Why per-resource meta-tools rather than one universal tool?

A single discover_resource(type, name) tool would be simpler to implement but worse for the LLM. Per-resource meta-tools provide:
  • Typed parameters. connector has subcommand, connector, action, parameters. database has subcommand, database, table, sql. The parameter schemas tell the LLM exactly what is expected.
  • Enum constraints. Each meta-tool lists its valid names (connector names, database names, server names) as enum values in the schema. The LLM cannot hallucinate a connector name.
  • Category semantics. The connector tool has category connector, database has category database, mcp has category mcp. This feeds into agent category filtering — an Agent configured with only connector category will not see the database or mcp meta-tools.
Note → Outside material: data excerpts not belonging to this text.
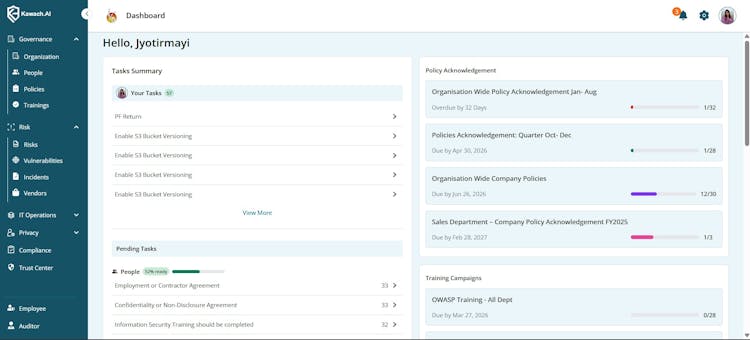 Kawach.AI is a comprehensive tool for ISO 27001, SOC2, DPDP, GDPR, HIPAA Compliance. It brings everything into one platform to manage privacy management, DSAR management, consent and cookie management, data governance, vendor management, cloud security posture management, people management, and audit management. It also provides a Trust Centre to help companies demonstrate compliance, build transparency, and earn customer trust.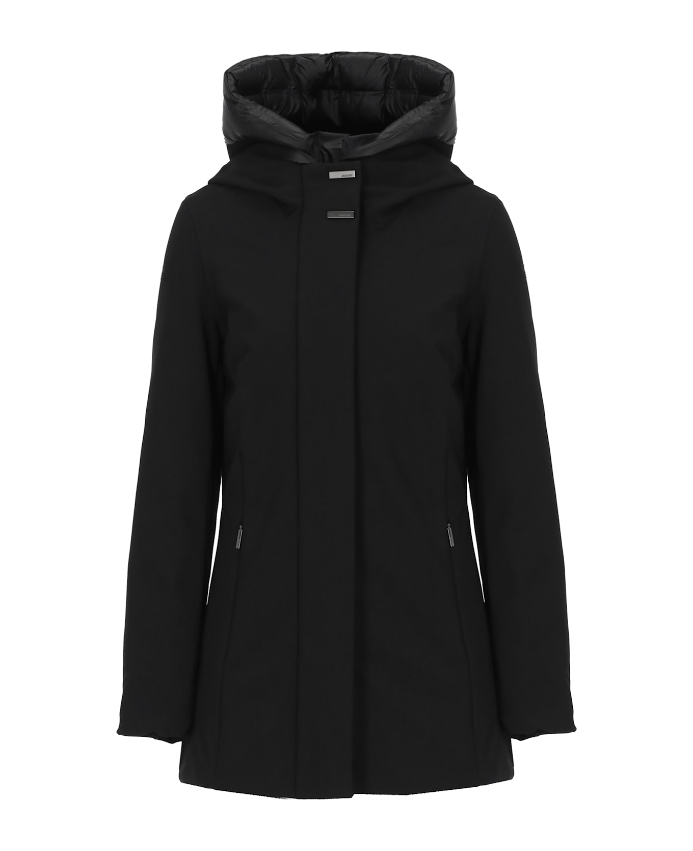 - RRD Roberto Ricci Design woman's black padded coat - Hood - Long sleeves with logoed patch at left sleeve - Front zip fastening - Two side zip pockets Composition: 80% Polyamide, 20% Elastane Lining:, 100% Polyamide Filling:, 90% Duck Down, 10% Duck Feathers
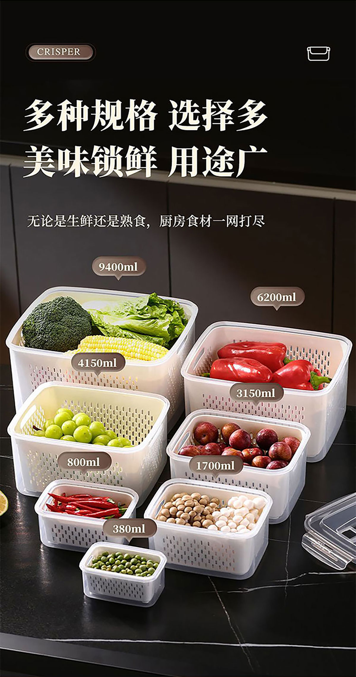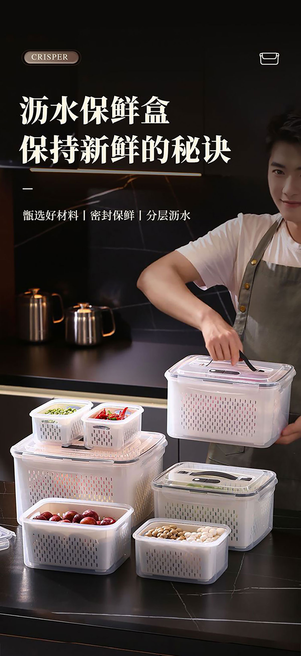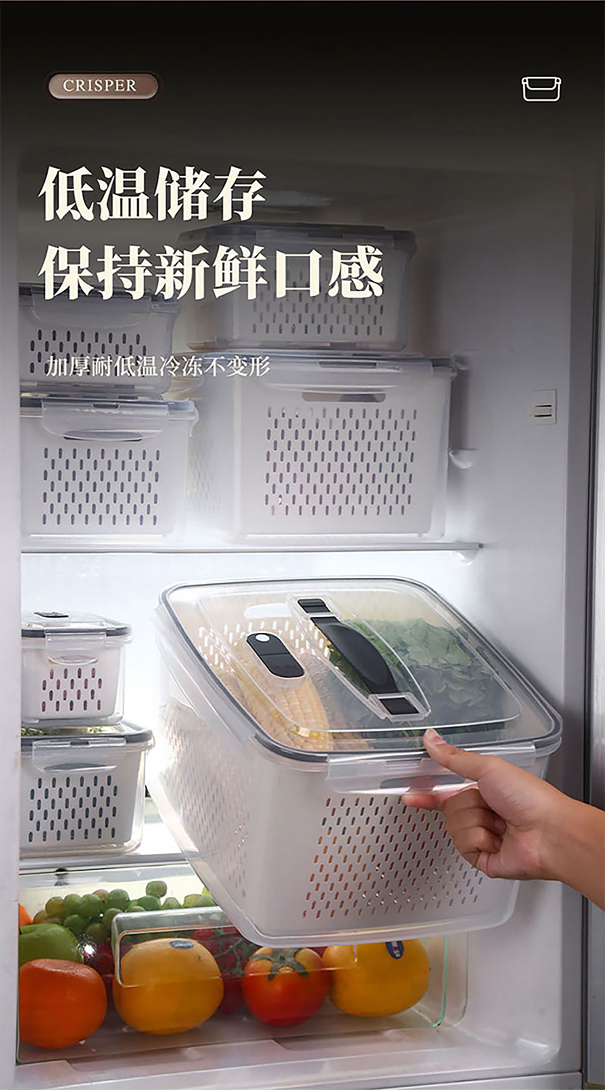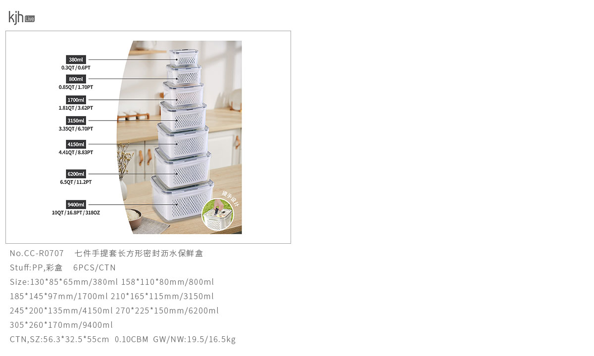 三件/四件/五件/六件/七件手提套長(zhǎng)方形密封瀝水保鮮盒

Why both progressive and legacy modes?

Not all LLMs handle meta-tools equally well. Smaller or fine-tuned models may struggle with the two-step discover-then-execute pattern. Legacy mode provides a direct fallback where every action is a standalone tool with its full schema visible — no meta-tool indirection required. The dual-mode design also supports migration. Existing deployments can switch to progressive mode incrementally, testing one resource type at a time by changing a single environment variable.